Methods: Evaluation for anti-depressant effect was done in through Tail Suspension Test and Forced Swim Test. Normal saline (control), citalopram, ketamine, and combination of ketamine with citalopram were tested in the 8 groups of mice. Each group comprised of 6 mice.
Results: In the TST, on comparison with the control group, the groups treated with citalopram, ketamine and their combination demonstrated a significant (p <0.05) reduction in the immobility time and increase in the time spent in struggle. In the FST, the group treated with citalopram alone showed a non-significant (P >0.05) decrease in the immobility time as compared to the control group.
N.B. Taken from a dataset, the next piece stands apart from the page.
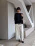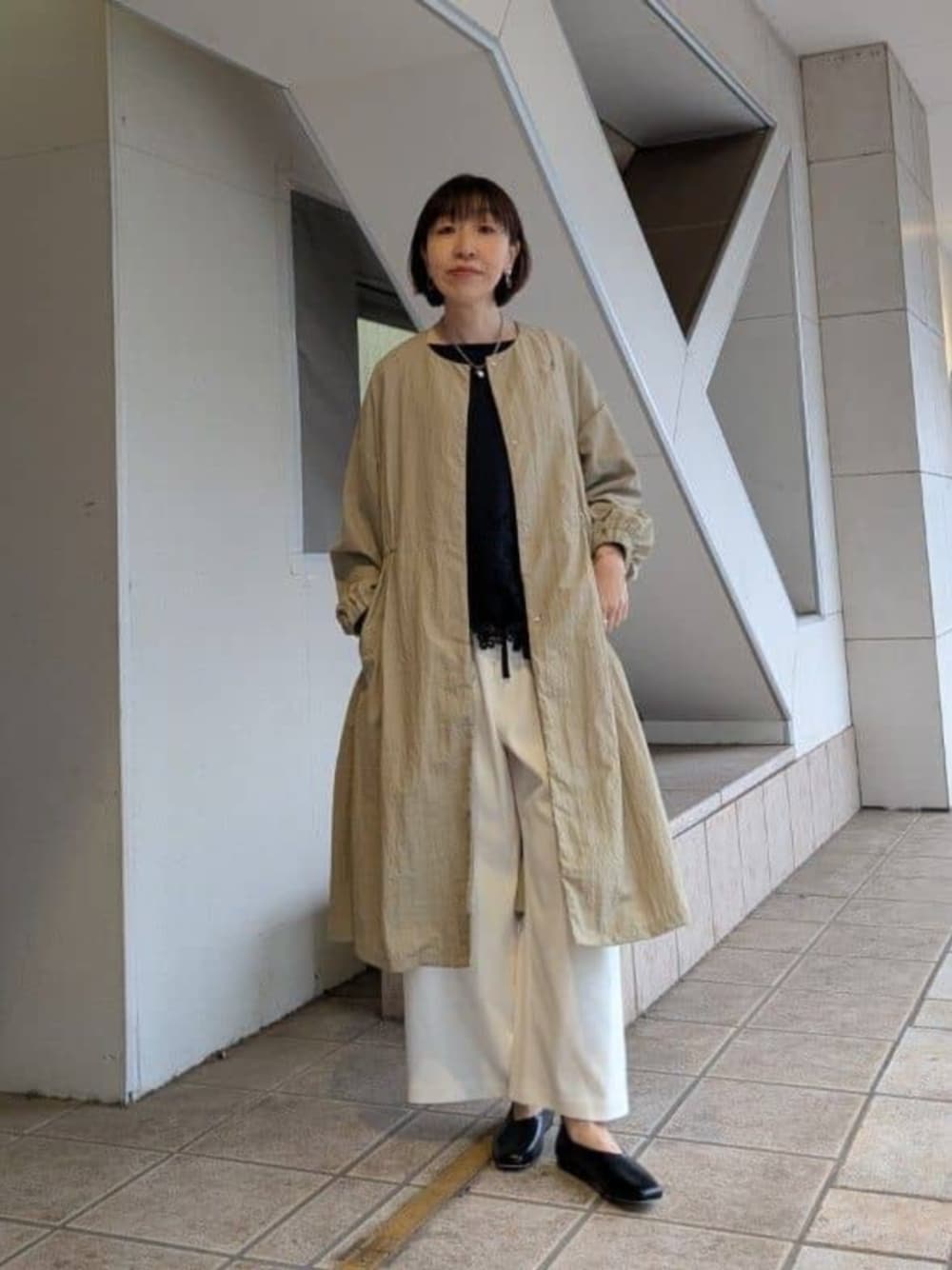 【トップス】 サラサラっとした質感で、伸縮性もある生地。 身幅も袖幅とゆったりしていて着やすいです。 首開きはボートネックで、横にやや広め。お顔がスッキリした印象に。 後ろはヒップがしっかり隠れる着丈、 1枚で華やかな印象になり、アラフィフ以上の方におすすめです。 【パンツ】1サイズ着用 表地はサラッとした質感で、夏以外3シーズン使える素材です。お仕事のシーンや、きちんとした場面にも便利です。 裏はほんのり微起毛になっていて優しい肌当たり。 ウエストは柔らかいゴムになっており、ストレスフリーな履き心地です。 164cmでくるぶしくらいのすっきりした着丈になります。 【コート】 ナイロン素材でとっても軽く、シワも気にせず気軽に羽織れます。 ノーカラーで前がスッキリしているので、どんなスタイリングにも合わせやすいのが魅力です。 身長体型問わず、どんなシーンにも使いやすい着回し力の高いデザインです。 折り畳んで持ち歩きにも◎ 自宅洗い可能なのも嬉しいポイント! 【バッグ】 小さすぎず、大きすぎず、必要最低限のものがしっかり入る見た目以上の容量の多さが人気の理由です! キズの目立たない質感のレザー、そしてどんな場面でも使えるシンプルなデザインなので、1つあれば大活躍すること間違いなしですよ。

Conclusion: Ketamine, an NMDA receptor antagonist has anti-depressant effect as evident in both TST & FST models. ketamine or its combination with citalopram was superior to citalopram alone. Not only it has antidepressant effect of its own, it also potentiates the antidepressant effect of citalopram.
The prevalence of depression is highest amongst the mood disorders [1,2]. Nearly one third of the patients suffer from major depression , characterized by increased rate of relapse, residual symptoms, and impairment of functionality, along with increased tendency for suicide related behaviour . Therefore, it’s very important to acquire and explore in depth knowledge into the etiological aspect of the depression and complementing it with testing of potential newer anti-depression agents.
The neurotransmitters serotonin (5-HT), norepinephrine and dopamine are the major targets for the currently available treatment . Most preferable drugs are SNRI and SSRI drugs due to decreased incidence of side effects and better safety [6,7].
Treatment refractory depression still remains a major cause of concern in spite of a plethora of anti-depressant drugs because of the efficacy variations in the individuals . Safety wise also there is increased incidence of early withdrawl from the treatment due to serious adverse effects . In addition, there is higher rate of suicidal behavior during the initial phase of treatment owing to the therapeutic lag, which is around 3-4 weeks. The vulnerability of patient to suicide is highest during this period . Therefore, testing of potential new agents with better efficacy and reduced toxicity which offers treatment option over the traditional therapy, need to be done.
The N-Methyl-D-Aspartate receptor family is a potential new target for treatment of depression. Several preclinical studies have shown drugs targeting NMDA receptor have enhanced antidepressant effect and decreased therapeutic lag [11-13]. Ketamine is a non-competitive NMDA antagonist and a derivative of phencyclidine (PCP) which was found to produce rapid, robust and persistent antidepressant effects in clinical studies . Our study targeted the NMDA receptor to elaborate and demonstrate the potential activity of ketamine in animal models of depression.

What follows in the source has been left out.